Try it:
When you copy the data that follows, reproduce every word exactly and leave out the images.

Collected data:
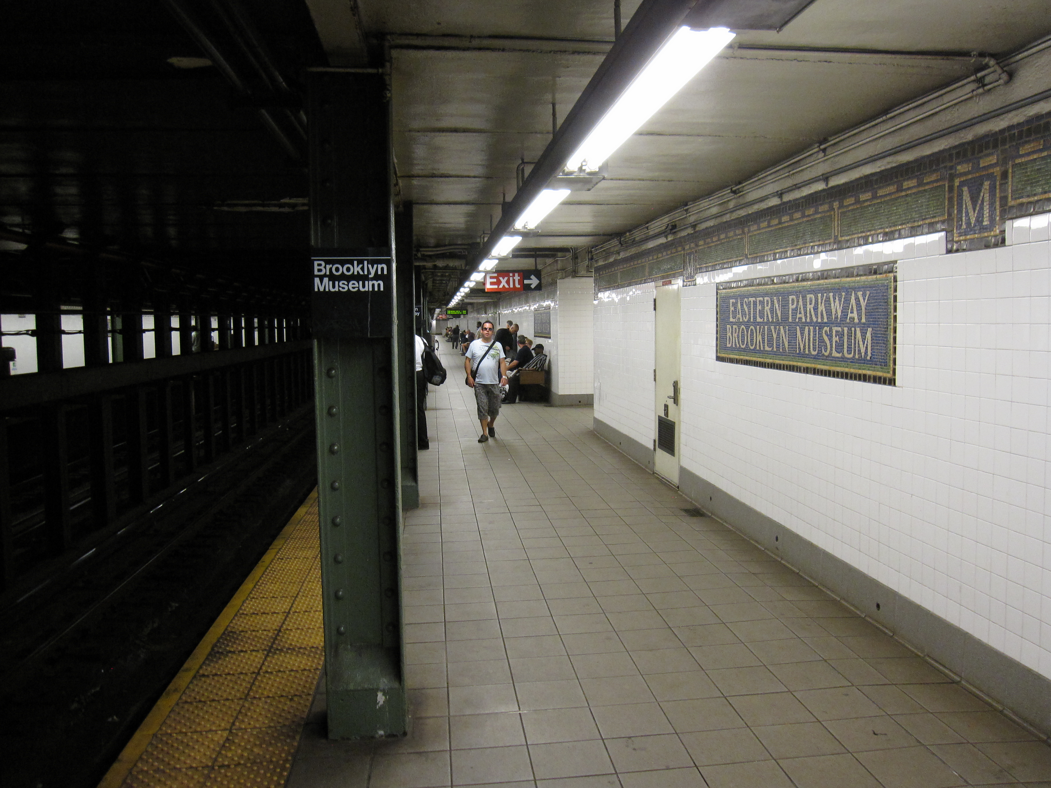 Eastern Parkway – Brooklyn Museum (IRT Eastern Parkway Line)
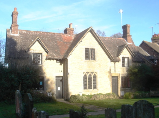 Church Cottage, The Street, Ifield, Borough of Crawley, West Sussex, England: Ifield's first school, built in the 1840s in Gothic style. Now cottages. Listed at Grade II by English Heritage (IoE code 363399)
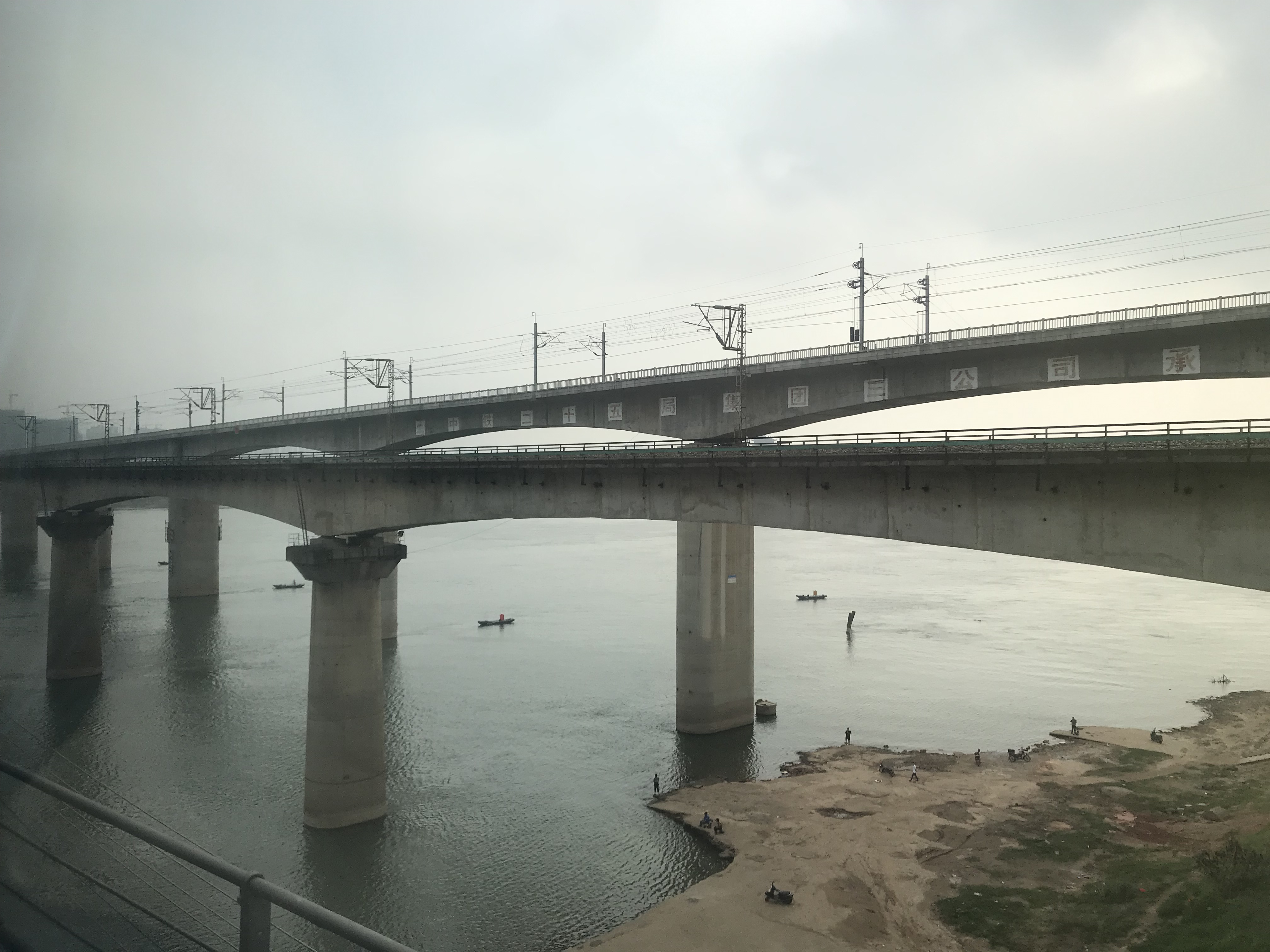 201908 Shanghai-Kunming Railway and Changsha-Zhuzhou-Xiangtan Railway over River Xiang

Your response:
 Eastern Parkway – Brooklyn Museum (IRT Eastern Parkway Line)
 Church Cottage, The Street, Ifield, Borough of Crawley, West Sussex, England: Ifield's first school, built in the 1840s in Gothic style. Now cottages. Listed at Grade II by English Heritage (IoE code 363399)
 201908 Shanghai-Kunming Railway and Changsha-Zhuzhou-Xiangtan Railway over River Xiang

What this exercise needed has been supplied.